Professor Mthuli Ncube, Chairperson of the Committee of Ministers of Finance and Investment for the Southern African Development Community (SADC), has called for a significant reduction in regulatory fees, citing their detrimental impact on businesses across the region. His remarks were made during the recently held SADC Committee of Ministers of Finance and Investment meeting, where he emphasised that excessive regulatory fees are stifling economic growth and forcing companies to operate outside compliance to survive.
Professor Ncube, who also serves as Zimbabwe’s Finance Minister, revealed that in some sectors, businesses would not be viable if they fully adhered to regulatory requirements.
By Gamuchirai Mapako
“What we are noticing across our region is that regulatory costs are so high and are increasing the cost of doing business. As governments, we must slash these regulatory costs,” Ncube stated.
“We’ve done some analysis, for example I won’t say which sector where we found that if the players were to comply with all our regulatory costs, none of them would be in business. They’re only in business because they are not complying with regulatory requirements. So, really, this should be slashed”.
His comments highlight a growing concern among SADC nations where bureaucratic red tape and excessive fees are discouraging investment and pushing businesses into informality to avoid compliance costs.
Prof Ncube also pointed out that regulatory costs are often misunderstood by the public, who confuse them with taxes.
“These are not taxes. These are agency fees for overregulation,” he clarified.
This distinction is crucial as governments face increasing pressure to reduce the tax burden on citizens while also maintaining necessary regulatory frameworks. However, when agency fees become too burdensome, they can have the same economic impact as taxes, discouraging investment and increasing operational costs for businesses.
The debate over regulatory costs gained renewed attention after SpaceX’s Starlink, the satellite internet service provider, introduced a $5 “regulatory fee” for its Zimbabwean subscribers.
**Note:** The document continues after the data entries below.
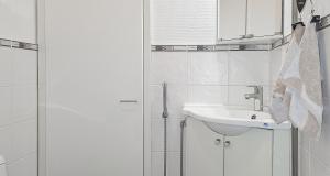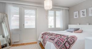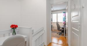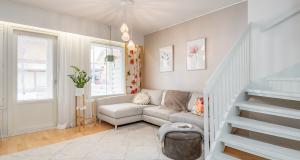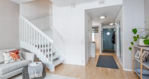 Köket har uppdaterats under de senaste åren – induktionsspis och spisfläkt har förnyats och skåpdörrarna har nyligen målats. På övre våningen finns två sovrum samt ett badrum med bastu. I badrummet, den separata WC:n samt i tamburen finns golvvärme.
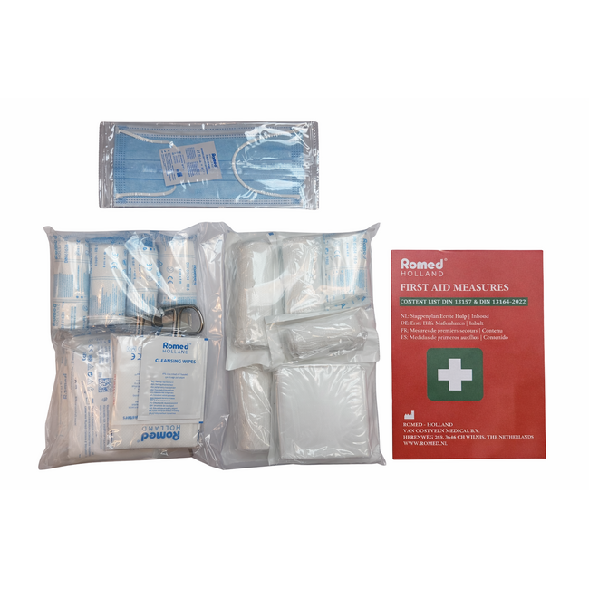 De Romed navulling voor standaard verbanddozen volgens DIN 13157 norm bevat een zorgvuldig samengestelde selectie eerstehulpmaterialen voor het vervangen of aanvullen van de inhoud van een standaard verbanddoos. De inhoud voldoet aan de richtlijnen van de DIN 13157 norm en bevat essentiële hulpmiddelen om snel en adequaat eerste hulp te kunnen verlenen bij verwondingen op de werkplek.
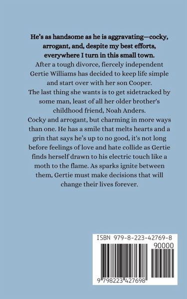 He's as handsome as he is aggravating-cocky, arrogant, and, despite my best efforts, everywhere I turn in this small town. After a tough divorce, fiercely independent Gertie Williams has decided to keep life simple and start over with her son Cooper. The last thing she wants is to get sidetracked by some man, least of all her older brother's childhood friend, Noah Anders. Cocky and arrogant, but charming in more ways than one. He has a smile that melts hearts and a grin that says he's up to no good, it's not long before feelings of love and hate collide as Gertie finds herself drawn to his electric touch like a moth to the flame. As sparks ignite between them, Gertie must make decisions that will change their lives forever.
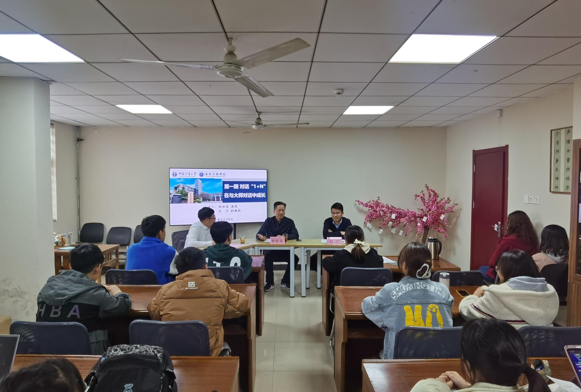 校选择、国内外求学分析等几个方面依次展开。林柏泉教授和刘厅副教授结合自身的发展经历,针对上述访谈问题展开详细阐述。访谈中,林柏泉教授讲述自己年少读书时,便立志于中国矿业的安全发展,并以此勤奋学业、坚持锻炼,坚毅铸就科研成果。林教授主张有教无类,提出在培养学生过程中更加注重激发学生自身的发展潜能,引领其主动投身科研。林教授强调“五个一”工程,鼓励当代大学生应注重课程学习和管理工作的综合提升,努力成长为新时代复合型综合人才。刘厅老师简述自己转专业的经历和心路历程,针对学生时代科研问题对不同年级的学生提出了相应的建议。刘厅老师结合国外交流的经历,客观分析了国内外科研环境的对比变化,殷切希望同学们学有所成,回馈祖国,怀爱国心,扬爱国情。
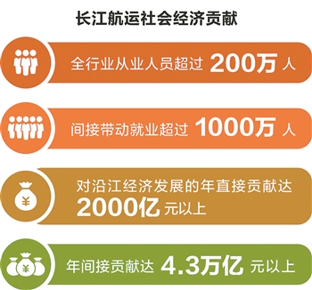 长江航运,不仅改变了船员个体的生存状况,更深刻影响了中国经济的发展版图。据统计,长江经济带11个省市集聚了我国45%的经济总量;近一半的全国500强企业分布在沿江两岸;沿江经济社会发展所需85%的铁矿石、83%的电煤和85%的外贸货物运输量(中上游地区达90%)主要依靠长江航运来运输;长江航运每年对沿江经济发展的直接贡献达2000亿元以上,间接贡献达4.3万亿元以上。
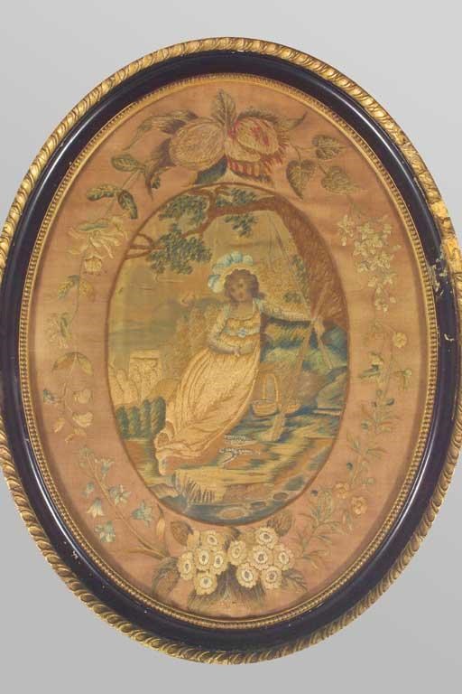 A 19th century oval woolwork and silk picture depicting a lady and a cat seated by a brazier, within a floral border and another similar depicting a lady fishing, 38 x 28cm (15 x 11in). (2)
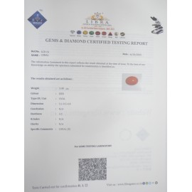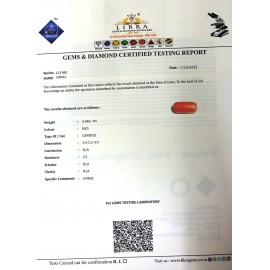 REPORT.NO.LCI 551CLARITY.N/ACOLOUR.REDSHAPE/CUT.CAPSULEWT.5.93 CTS DIMENSION.8.8-6.6-5.4R.INDEX.N/AHARDNESS.3.5COMMENT.CORAL ..
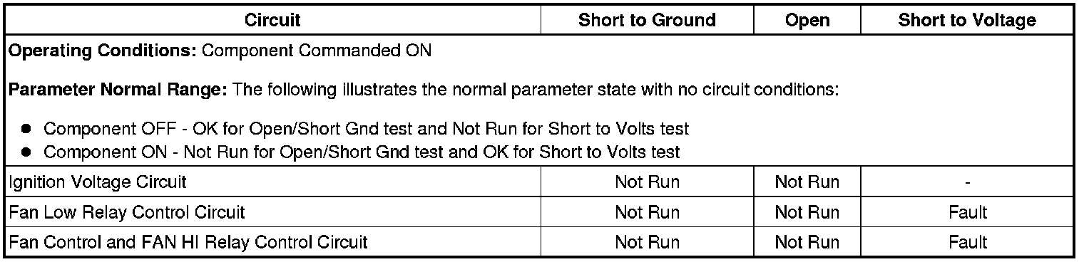 2. Command the cooling fans ON and OFF at high speed while observing the scan tool circuit test status parameters listed below:

The company stated on its website:
“This fee is included to account for the higher than average regulatory fees in Zimbabwe.”
This issue has become a point of discussion about whether Zimbabwe and by extension, other SADC nations are imposing excessive fees that ultimately get passed on to consumers. Starlink’s decision to explicitly attribute the charge to regulatory costs has put a spotlight on how such fees can deter foreign investment and increase the cost of essential services.
High compliance costs discourage formal business operations, pushing companies into the informal sector where they avoid regulations but also miss out on legal protections and access to formal financing. Foreign investors may be deterred by complex and expensive regulatory environments, opting for regions with simpler processes.
Consumers also ultimately bear the cost, as businesses pass on regulatory fees through higher prices.